Bronchial asthma is associated with upper airway (UA) disorders, primarily with allergic rhinitis, which, in turn, occurs in combination with other UA conditions, including hyperplasia of the nasal mucosa. Chronic rhinosinusitis, if confirmed, is a predictor of asthma severity. The pathogenesis of these diseases includes the remodeling (restructuring) of the extracellular matrix and the adjacent UA structures, which is associated with further worsening of the diseases and their resistance to therapy.
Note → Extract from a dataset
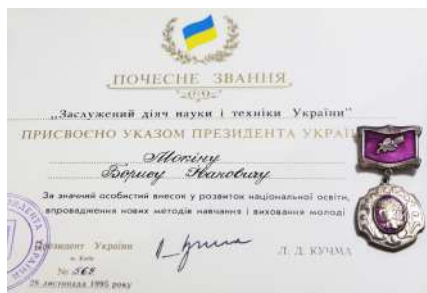
Світлина 13. Посвідчення і нагрудний знак заслуженого діяча науки і техніки України

А протягом 1991-1992 років, як професор і ректор-реформатор, а також доктор технічних наук, який виконав багато досліджень в галузі електроенергетичної інженерії та в напрямку моделювання і автоматизації технологічних процесів гірничого-металургійного комплексу, що приведені у переліку опублікованих наукових робіт, професор Борис Мокін став одним із академіків-засновників одразу трьох наукових академій – однієї зі статусом державної, якою є Національна академія педагогічних наук України, та двох зі статусом громадських організацій, якими є Академія інженерних наук України з розміщенням президії у Києві та Академія гірничих наук України з розміщенням президії у Кривому Розі, в роботі яких бере активну участь і по-сьогодні. За усі ці, вище описані досягнення професору Борису Мокіну у 1995 році указом президента України присвоєно звання «Заслужений діяч науки і техніки України».

It is known that remodeling of the lower respiratory tract in bronchial asthma is characterized by epithelial desquamation, hyperplasia of goblet cells, thickening of the basement membrane, fibrosis of the subepithelium, hyperplasia of smooth muscles of the respiratory tract, and increased angiogenesis. At the same time, the UA remodeling in patients with asthma is still poorly understood; the data are still limited and often contradict each other. With isolated allergic rhinitis, the remodeling process is not very much pronounced and is limited, apparently, to a basement membrane thickening. In chronic rhinosinusitis, the UA remodeling manifests by epithelial hyperplasia and an increased sedimentation and degradation of the matrix along with the accumulation of plasma proteins. Despite recent extensive studies, the cellular and molecular mechanisms involved in the respiratory tract remodeling remain largely undetermined, which necessitates further research into these processes. The review addresses several aspects of neuro-humoral control of the extracellular matrix metabolism and the associated remodeling of the upper and lower airway in patients with asthma.